Using the method for minimizing total variance, the Polluted area in current frame image mend and is painted;23) dirt of current frame image is judged
Whether dye region, which mends, is painted completely, if it is, entering step 25);If it is not, then it enters step 24);24) present frame figure is utilized
As the spatial continuity of itself, using the method for minimizing total variance, do not mend what is painted to remaining in current frame image Polluted area
Region mend and paints:25) benefit for terminating current frame image is painted.
The advantageous effect that the present invention is compared with the prior art is:
The content benefit of Polluted area in the video of the present invention paints method, from time continuity, is always become using minimizing
The method of difference to the Polluted area in current frame image mend and painted.After being painted using time continuity benefit, such as exist not mend and paint
Region, continue by spatial coherence, carry out supplement and mend to paint to not mending the region painted using the method for total variance is minimized.Due to
Front and rear L, R two field picture is continuous, i.e., front and rear two frames variation is linear, then in addition to Polluted area, total change of front and rear two frame
Poor (total variation) is very small, and in Polluted area, total variance is larger.Similarly, each picture inside current frame image
Vegetarian refreshments is also continuous, and only discontinuous in Polluted area, total variance is larger.Therefore, mend during painting, by minimizing total variance
Method, as successive ignition benefit is painted so that frame and frame, row and row and total variance between the column and the column reach minimum, then it represents that change
It is more continuous for rear current frame image and front and rear two field picture, it is relatively more continuous between each pixel inside current frame image, then reach
The purpose of removal noise, Polluted area benefit is painted preferably.In this way, the method by minimizing total variance, continuous iteration can obtain
It is painted to benefit than more complete two field picture, so as to effectively improve the accuracy for mending process of painting.
【Description of the drawings】
Fig. 1 is that the content benefit of the Polluted area in the video of the specific embodiment of the invention paints the flow chart of method.
【Specific embodiment】
With reference to embodiment and compare attached drawing the present invention is described in further details.
As shown in Figure 1, paint the flow chart of method for the content benefit of the Polluted area in video in present embodiment.It mends
The video image of the input of method processing is painted, Polluted area is as it can be seen that the data format of video is unlimited.Benefit paints method including following
Step:
1):Detect the Polluted area in video, and marking contaminated region.
It during detection, can be detected by artificially observing, alternatively, inspection is identified according to the color change of adjacent two frame
It surveys.During calibration, by the pixel value of the pixel in Polluted area labeled as 1, the pixel value mark of the pixel in uncontaminated region
It is denoted as 0.In this way, establish matrix of the present frame on Polluted area position information, subsequently carry out mending when painting, need to will only repair
Information in result afterwards corresponding to Polluted area is assigned to the Polluted area in original image.

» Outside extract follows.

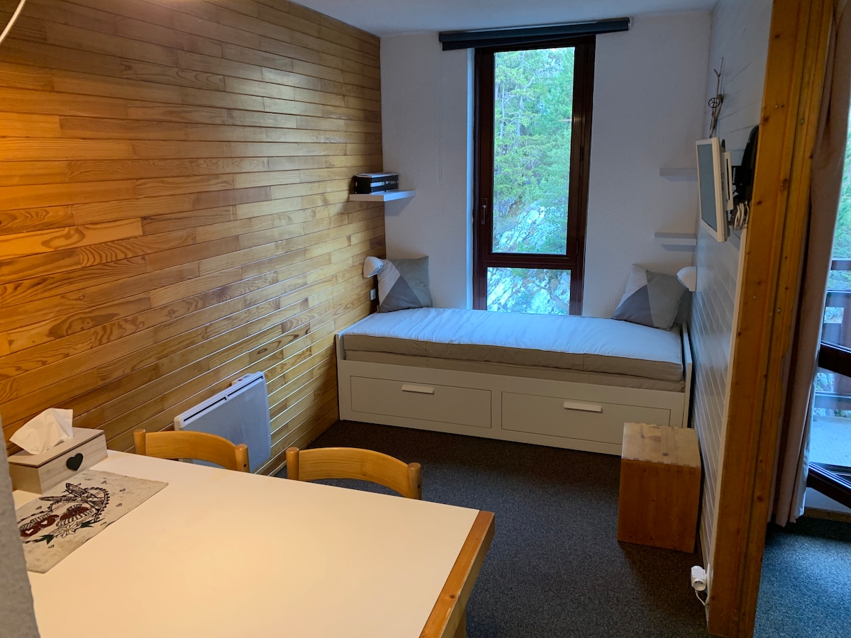 Estudio en Plagne Bellecôte (2+2) - Acceso a las pistas de esquí. Para 2 personas + posibilidad de estudio contiguo para 2 personas. Estudio de 11 m² para 2 personas en el primer piso de la residencia 3000. Cocina: Cocina pequeña en la entrada con 2 placas de cerámica, nevera, microondas mixto, cafetera y hervidor. Sala de estar: 1 cama individual (90 cm) y 1 cama nido (90 cm) Televisor de pantalla plana. Baño: ducha e inodoro Taquilla de esquí frente al Sport 2000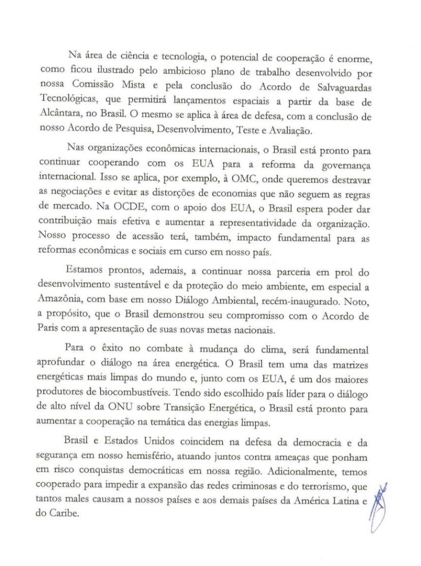 “Brasil e Estados Unidos coincidem na defesa da democracia e da segurança em nosso hemisfério, atuando juntos contra ameaças que ponham em risco conquistas democráticas em nossa região. Adicionalmente, temos cooperado para impedir a expansão das redes criminosas e do terrorismo, que tantos males causam a nossos países e ados demais países da América Latina e do Caribe”, escreveu em trecho.

2):Following mend is carried out to each two field picture in video and paints operation:
21) take and current frame image continuously preceding L two field pictures and rear R two field pictures;Wherein, L and R is more than or equal to 0
Integer, and be 0 during L with R differences, specific value is painted required precision according to benefit by user and is set.
Preferably, when taking preceding L two field pictures, rear R two field pictures, when running into cutaway frame or the value of L, R increase to threshold
Stop during value.In this way, not only can ensure that the quantity of the reference frame image of extraction was more, but also it is unlikely to cover the influence of cutaway frame
Follow-up benefit paints precision.
22) according to current frame image and preceding L two field pictures, the time continuity of rear R two field pictures, using minimum total variance
Method to the Polluted area in current frame image mend and painted.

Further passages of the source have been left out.